Здорово! Очень ценный опыт. Вы большая умница!
А что же насчет Алексея? Вы его кормили?

----------


## IRISCHKA

Нет, к сожалению. Он родился в 35 недель ( у меня был резус-конфликт ), он "желтел", долго лежали в больнице, потом пропало молоко (его и так было не ахти, даже особо приливов не было), а тут еще лежали по раздельности. Очень переживала тогда по этому поводу, слезы наворачивались, глядя как другим мамам приносят малышей на кормления... Возможно все было не так однозначно, но в силу возраста и неопытности была склонна слушать врачей. Такая вот грустная история... Но спали мы все же вместе и кушали мы на руках чаще всего, он так привык к зтому, что уже умея ходить, брал бутылочку и забирался на руки. Смесью я тоже не кормила, а ели мы отвар каш+половинное коровье молоко ( было свое ), все это кипятилось по отдельности, потом вместе. Не знаю насколько правельно такое питание, но мне так посоветовала наш педиатр. Аллергии у нас не было, развивались и прибавляли в весе нормально.

----------


## IRISCHKA

...Вот и Соня самоотлучилась...Не хочу я, говорит, твою сисю, и всё тут.
Удивительно, но мне остро не хватает ребенка у груди...

----------


## Амина

Боже ж мой, когда я смогу написать такие строчки? Хотя, знаю, тоже будет не хватать) Но 4,3 уже, устала...

----------


## mamaRita

Нууу, Марин... Помнится в каких-то племенах каких-то аборигенов кормят мальчиков до первой охоты....  :Wink:

----------


## Амина

*нервно икнула* =)))

----------


## yakudza

Ириш, ну здорово! Поздравляю!  Значит девочка готова. А вы? Завершить ГВ должна и она и вы)) Я вас очень понимаю! Мне тоже очень не хватало наших кормлений первое время, и грустно было. (вообще эти эмоции во многом гармонами обусловлены)

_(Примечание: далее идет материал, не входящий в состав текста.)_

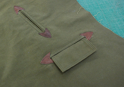 本来は、先ほどの縦の部分にもステッチが入るのですが、今回の仕様では、ポケットぐちの端部分は革で補強されカバーされてしまうので縦ステッチは入っていません。

а вообще, кому я это пишу? вы лучше меня всё знаете)) просто хочу поддержать, это, правда так жалко...

----------


## yakudza

Марин, ну может уже это... того? Или ты на рекорд Калужской области идешь?
Тиму-то это надо?

----------


## kazangi

Марин, а когда он у тебя просит-то?

----------


## Домик в деревне

Я отлучила сына пару недель назад.

----------


## kazangi

> Я отлучила сына пару недель назад.


 Олесь, расскажи!

----------


## Домик в деревне

> Олесь, расскажи!


В дневник сейчас напишу! Ничего особенного, ведь.

----------


## Амина

Ирин, ночью. На ночь и ночью 1-3 раза... Ну и на просыпание, если я рядом. Если нет, сам просыпается...

----------


## kazangi

> Ирин, ночью. На ночь и ночью 1-3 раза... Ну и на просыпание, если я рядом. Если нет, сам просыпается...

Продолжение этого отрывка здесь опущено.